Well guess what, it isn't normal, it isn't necessary to accept it and the reason women who claim that are so hated, is because we are forcing the women who accept their men's porn use, to raise the veil of denial ever so slightly ever so quickly. And that's painful. Sorry to cause pain to anyone. But you cannot be allowed to encourage other women to live in denial about their own feelings.

hoisttocrew · 08/06/2011 23:07

Oh dear. The words used were exactly "mutual understanding and compromise", to quote from myself directly for a second time!

And you totally dodged my point about the porn (presumably because you have no answer to it), preferring instead to divert attention by describing it in detail. If the porn was as you describe, no right-minded person would be anything other than disgusted by it.
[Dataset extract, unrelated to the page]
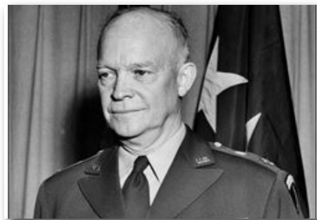
二次大战盟军最高统帅暨美国第34、35任总统艾森豪威尔。

1985年的美国国家祈祷早餐会上，时任总统的里根谈到了艾森豪威尔在1952年总统竞选期间同参议员卡尔森的一次谈话。里根说：“艾森豪威尔向卡尔森参议员吐露，战争期间，他在欧洲指挥盟军时有过一次属灵经历。当时，他感觉到上帝的手在引导他，也感觉到上帝的同在。他还谈到他的朋友们是怎样在登陆之前提供真实的属灵力量的。”◇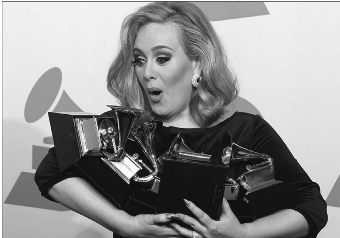
Adele, a brit soul-énekesnő összesen hat aranygramfont vitt haza az 54. Grammy-gáláról

A zenekar több mint két évtizede nem lépett fel. A Grammy közönsége előtt az eredeti együttes három alapítója, a 69 éves Brian Wilson, a 70 éves Mike Love és az ugyancsak 69 esztendőes Al Jardine játszott a Beach Boyshoz később csatlakozott Bruce Johnstonnal és David Marksszal. ◀

But the only reason you and your friend saw this unpleasant footage is that she was untrue to her feelings/values by "trying to be all modern about it" - which proves the age-old general point that if you try to be someone else, sooner or later you'll come unstuck!

Nullius · 08/06/2011 23:16

Ooooh, ok, my mistake.

So she deserved to be exposed to abusive porn because she did what women like you suggest we all do, which is be ok about porn.

She didnt say "oh I love porn, lets get some!!" she said she was ok with porn, ie him watching it. Because thats what she felt she had to say.

I didnt dodge any question, and others did say what about compromise. I didnt directly quote from your comment anyway, so god knows why you feel you need to quote it back to me. It was a general feeling on the thread. If your husband wanking to younger, thinner prettier and often abused or groomed girls makes you feel you are in a "mutual" relationship, good for you. Some of us expect better.

HerBeX · 09/06/2011 07:51

I just love the way some women blame other women for not being "true to their values and feelings" when women are surrounded by messages telling them that their values and feelings are not valid.

ALCS · 09/06/2011 14:14

Hi HerBeX,

I have already expressed my views about what I think the problem is in Twinkletoes111's relationship and it's not about whether men ar more "visual" than woman or not.

As much as we are the same we are also different in some ways and to say we are exactly the same is ignorant. BUT this is not about what you and I think about men and women, it should be about what is REALLY going on in their relationship.

If people love AND respect each other the communication shold be a key to solving problems. Unfortunately this is not the case and I said what I think is happening and I hope Twinkletoes111 can see things through, try and communicate and then make an informed decision as to where she is in her relationship and how she sees t going or not going forward.

Often we cannot change the other person. Unless they want to change themselves. It's harsh but true. So if she wants to be happy she can put all the point across, but if he still doesn't act maturely then it is up to her what she wants to do going forward. She can't force him to change, but she can change her life and leave. If course one would hope that he can be sensitive to her needs, but if he isn't it is up to her what to do.

But don't forget that it IS hard to have a higher sex drive than the other person. Perhaps she would be happy if he didn't use porn as a stimuli. Maybe this is their middle ground. They need to define what is best for BOTH of them, but it is somewhat unrealistic to expect he will not masturbate if he doesn't get enough (for him) sex. I also said that maybe improving on a quality would be an option. But I know how hard it is to "want" to have sex with someone who isn't an ideal partner, so I wouldn't think Twinkletoes111 is feeling very much up for it with him. Not surprising really. We do need a little romace after all! :)

I hope she can talk to him when he is not defensive and they can have a good heart to heart chat.

ALCS

HerBeX · 09/06/2011 16:02

ALCS, no one has suggested that he shouldn't masturbate if he doesn't get enough sex.

That would be totally unreasonable.

Wanking and using porn are 2 separate activities, they are not interchageable.